BUN/Cre比は出血部位の推定に使うこともできる!

BUNは上部消化管出血の方が上昇します。

出血した血液が分解されて吸収される量が下部よりも増えるからです。BUNとCreの乖離が大きいほど、上部消化管で出血が起こっている可能性が高くなります。
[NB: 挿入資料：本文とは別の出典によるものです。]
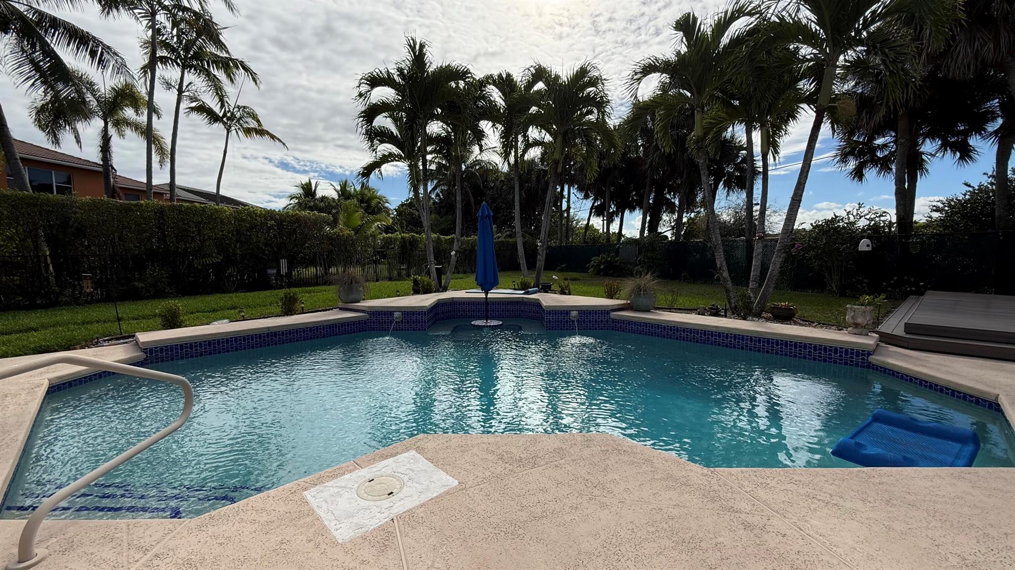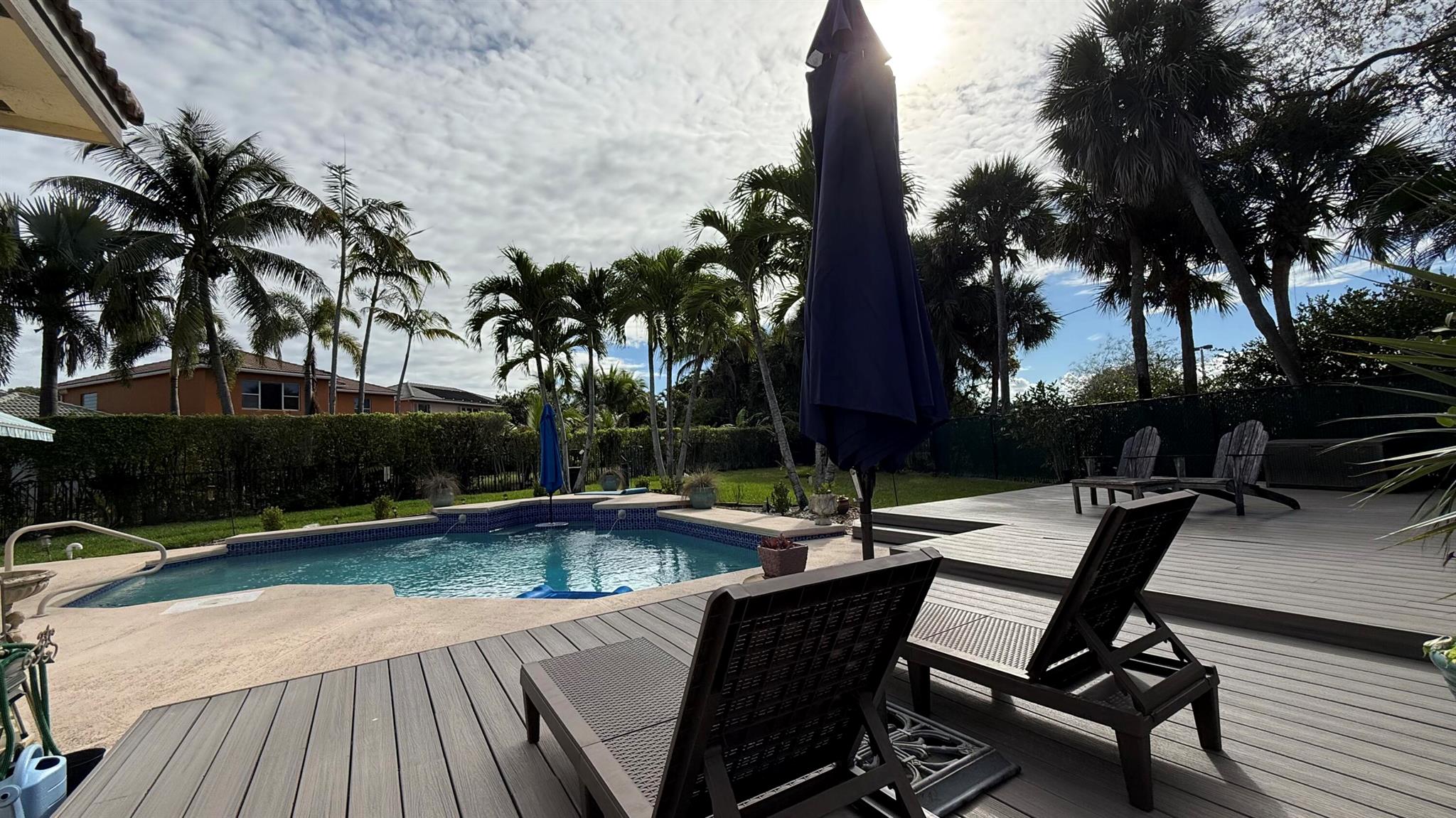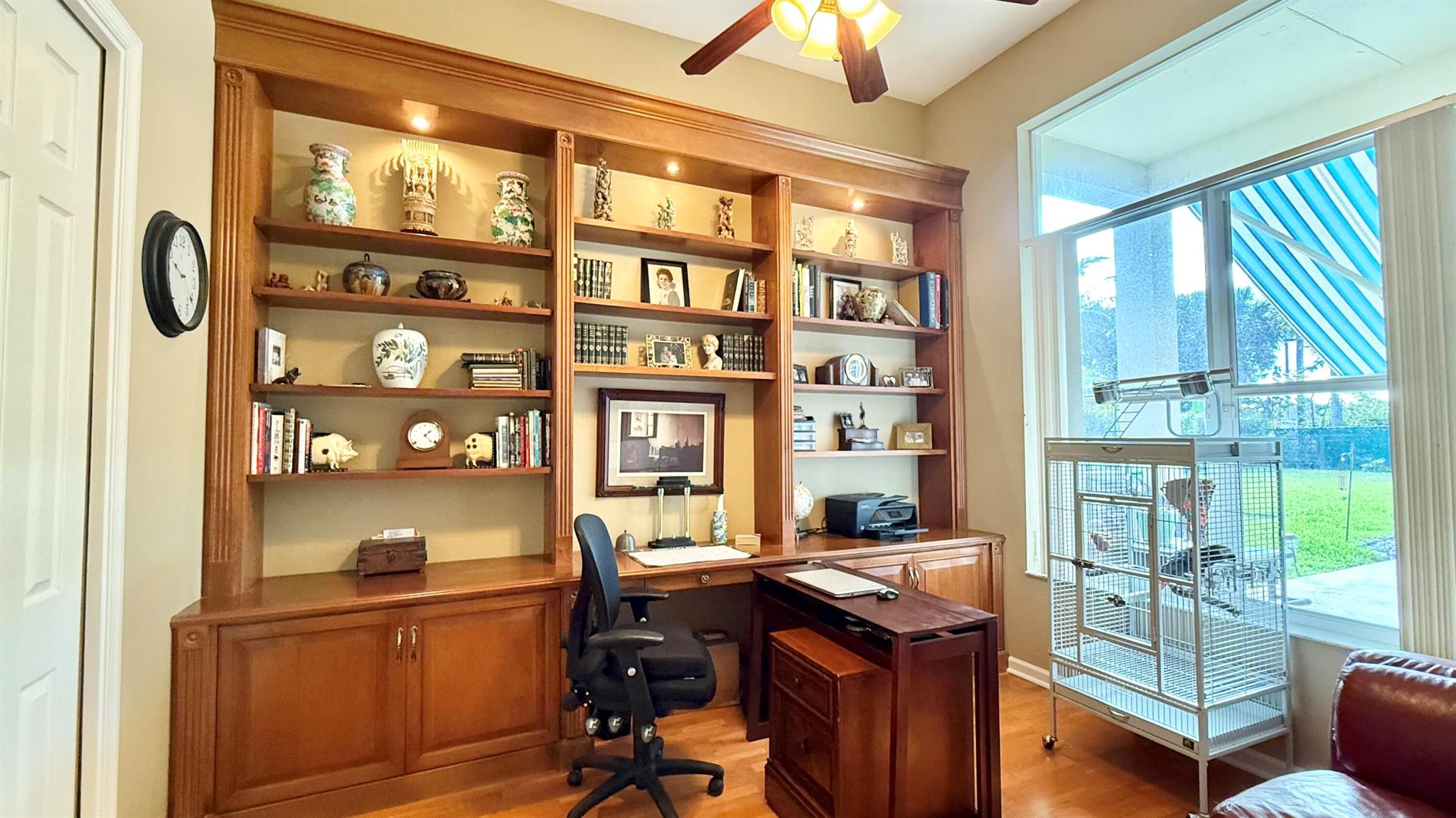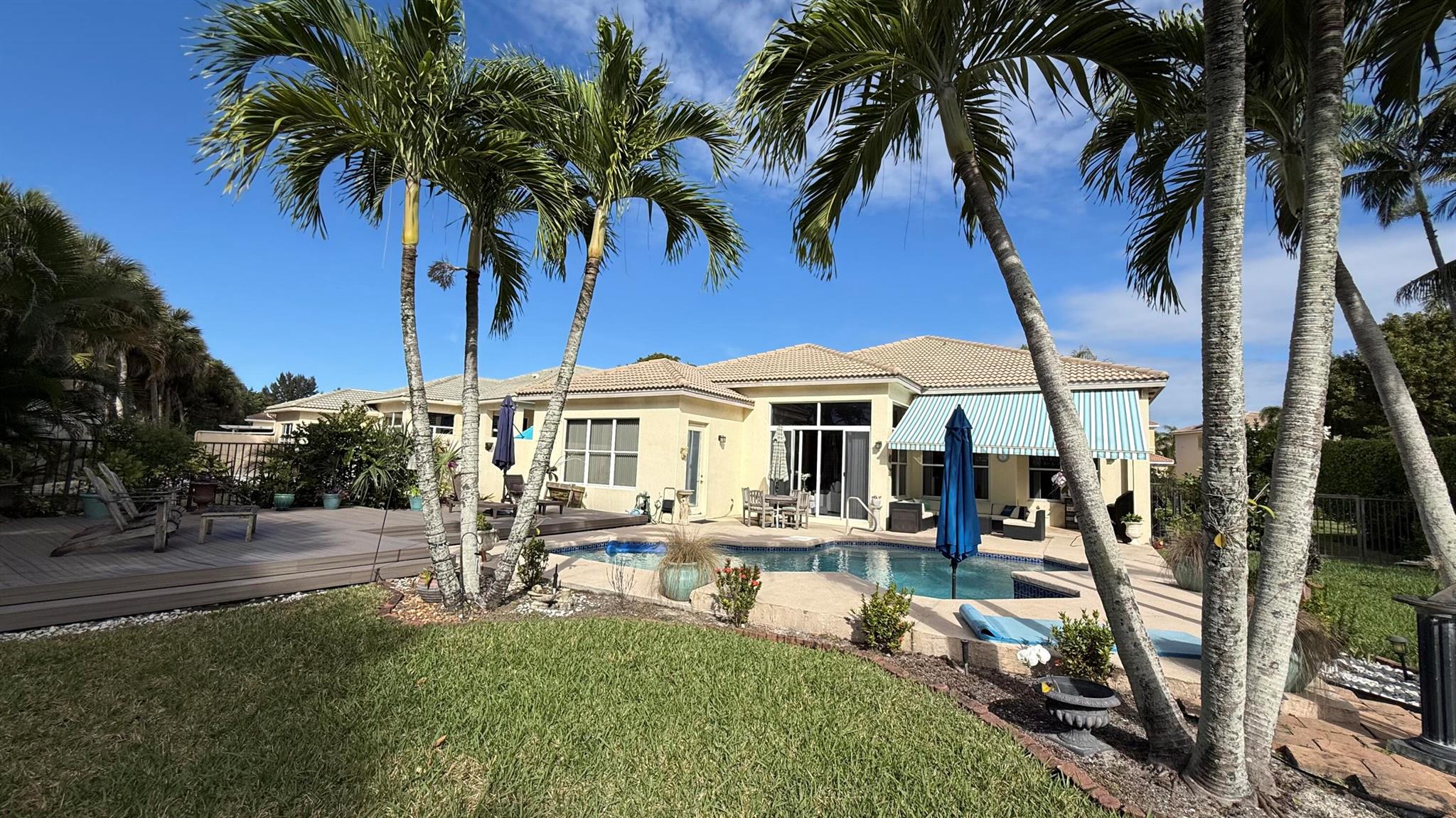 Wow!!! What a magnificent property! This spacious home boasts an amazing backyard retreat that looks like a high end resort pool area! The Freeform heated pool has a ''seating'' area, perfect for pool parties and fun games! There is an area of ''all weather'' decking surrounding the pool for lounging and sunning, plus a covered space with a retractable awning. Inside is just as appealing... as you enter the large foyer you will immediately be impressed by the 12 ft ceilings and how the floor plan flows from living, dining and on to the large open kitchen and family area. The 4th bedroom has been converted to an elegant office/den with custom built ins. The two guest bedrooms share a bathroom and the principal bedroom is a generous size with tray ceilings, an enormous closet and

消化管出血は、頭蓋内出血に比べ、早期に発見し適切な処置を行えばリスクを最小化できるので、自覚症状に加えて定期的なHb、BUN、Creのチェックが早期発見、モニタリングが大切です。

まとめ

最後にまとめておきますね。

ポイントは以下のとおりです。

▽DOACの消化管出血リスクとは?

  • DOACは全体として、ワルファリンよりも消化管出血リスクが高い。全身性の抗凝固作用に加えて、消化管内での局所作用に起因すると考えられている。
  • 個別で見ると、ワルファリンに比べて、高用量プラザキサとリクシアナ、イグザレルト(国内臨床試験ではワルファリンよりも少ない)が劣性。低用量プラザキサとエリキュースは非劣性です。

▽消化管出血を予防するためにできること

  • 処方監査…腎排泄性薬剤のため、腎機能に応じた投与量設計が必要です。eGFRチェックによる過量投与を防ぐことが大切。特にプラザキサ!
  • 予防薬…PPIやH2拮抗薬で消化管出血を予防できるとの報告あり(現時点で保険適応外)

▽早期発見とモニタリングのポイント

  • 胃部不快感や食欲不振、貧血症状(ふらつきや倦怠感など)などの自覚症状に加えて、BUN、Creのチェックが有用。BUN/Cre>30を超えると上部消化管出血のリスクが高いと判断できる!

★ ★ ★ ★ ★
今回はDOACの消化管出血に注目。安全管理のために薬剤師が押さえておきたいことを解説しました。

DOAC投与中は、「便が黒くなったり血が混じることはないですか?」というフレーズが決まり文句になりそうですね。

最後まで読んでいただきありがとうございます。